··· TASK INPUTS ···

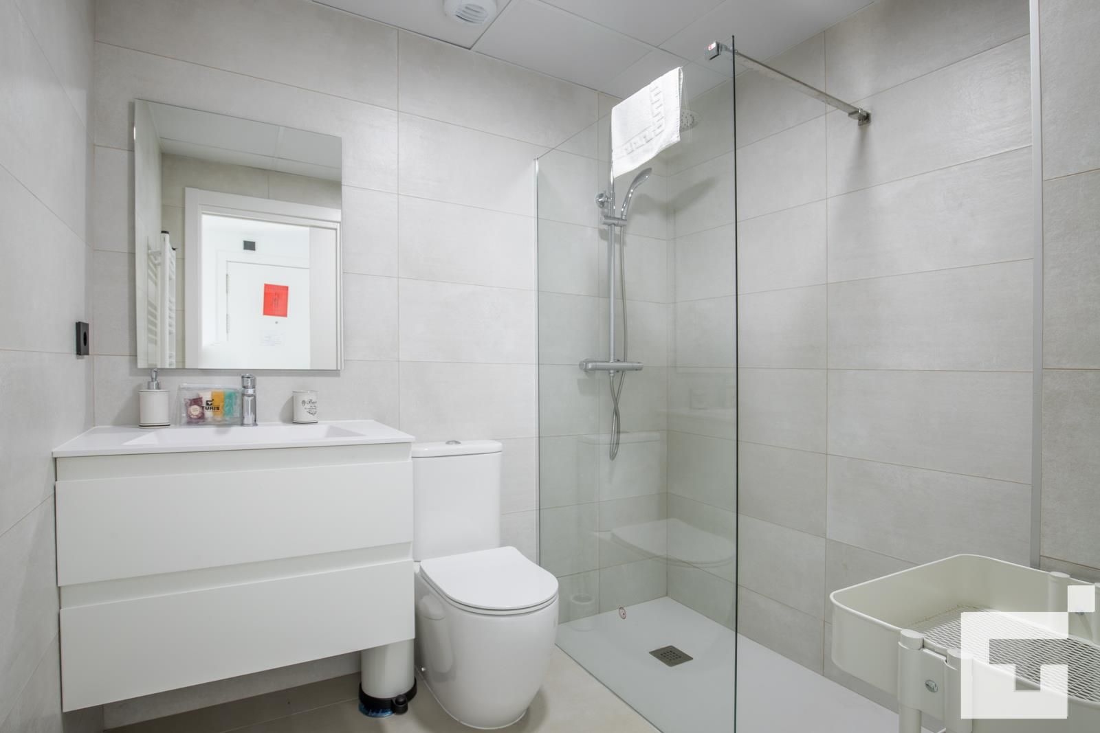 • baño con lavabo individual, ducha y aseo
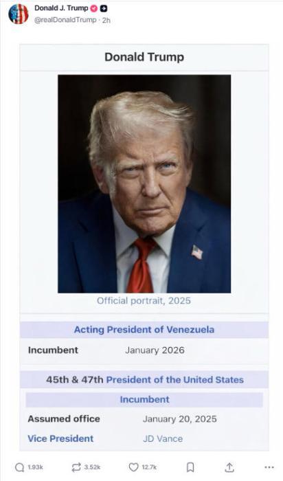 当地时间1月11日,特朗普在自己的“真实社交”平台发布了一张图片。上面显示维基百科网站的特朗普页面,其肖像照下方的人物身份栏标注“委内瑞拉代总统,任期自2026年1月起”。
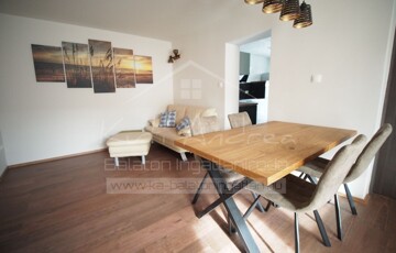 • Alsó szint (nettó 70 m²): teljeskörűen, modern stílusban felújított lakrész, jelenleg ismerősök lakják rövid időszakra.
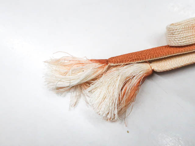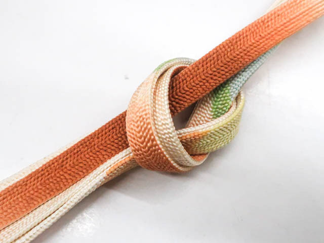 リサイクル商品のため、帯揚げの所々に点シミ、帯締めの裏に染色にじみ、スレがございますが、ご使用頂けると存じます。 |
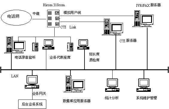 主要包括:Siemens Hicom 318com交換機、CTI服務器、IVR/FAX服務器、業(yè)務代表座席、班長和質檢座席、電話錄音監(jiān)聽系統(tǒng)、數(shù)據(jù)庫應用服務器、統(tǒng)計分析工作站、系統(tǒng)維護管理工作站、業(yè)務網(wǎng)關、網(wǎng)絡系統(tǒng),其邏輯結構下圖所示。
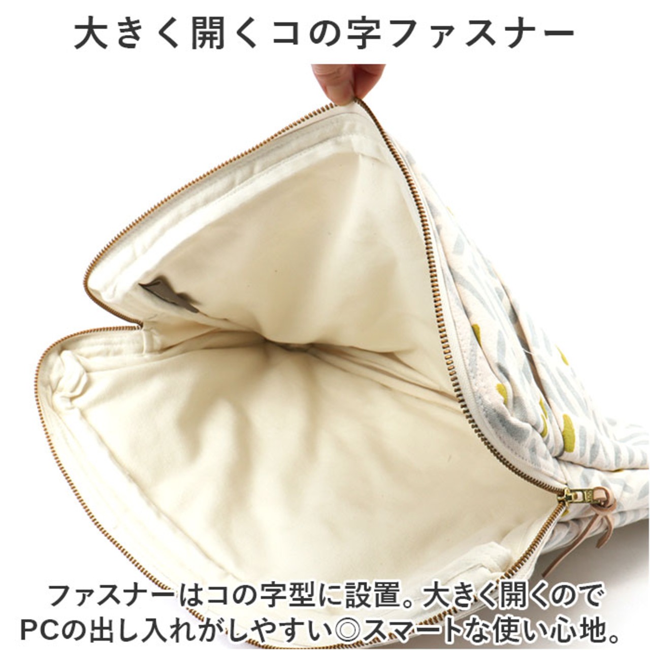 【大きく開くコの字ファスナー】

···

=== YOUR INSTRUCTIONS ===
For the entries above, the output must hold exactly the lines from the one with "リサイクル商品のため、帯揚げ" through the last line, both included, and no pictures.

=== TASK RESPONSE ===
 リサイクル商品のため、帯揚げの所々に点シミ、帯締めの裏に染色にじみ、スレがございますが、ご使用頂けると存じます。 |
 主要包括:Siemens Hicom 318com交換機、CTI服務器、IVR/FAX服務器、業(yè)務代表座席、班長和質檢座席、電話錄音監(jiān)聽系統(tǒng)、數(shù)據(jù)庫應用服務器、統(tǒng)計分析工作站、系統(tǒng)維護管理工作站、業(yè)務網(wǎng)關、網(wǎng)絡系統(tǒng),其邏輯結構下圖所示。
 【大きく開くコの字ファスナー】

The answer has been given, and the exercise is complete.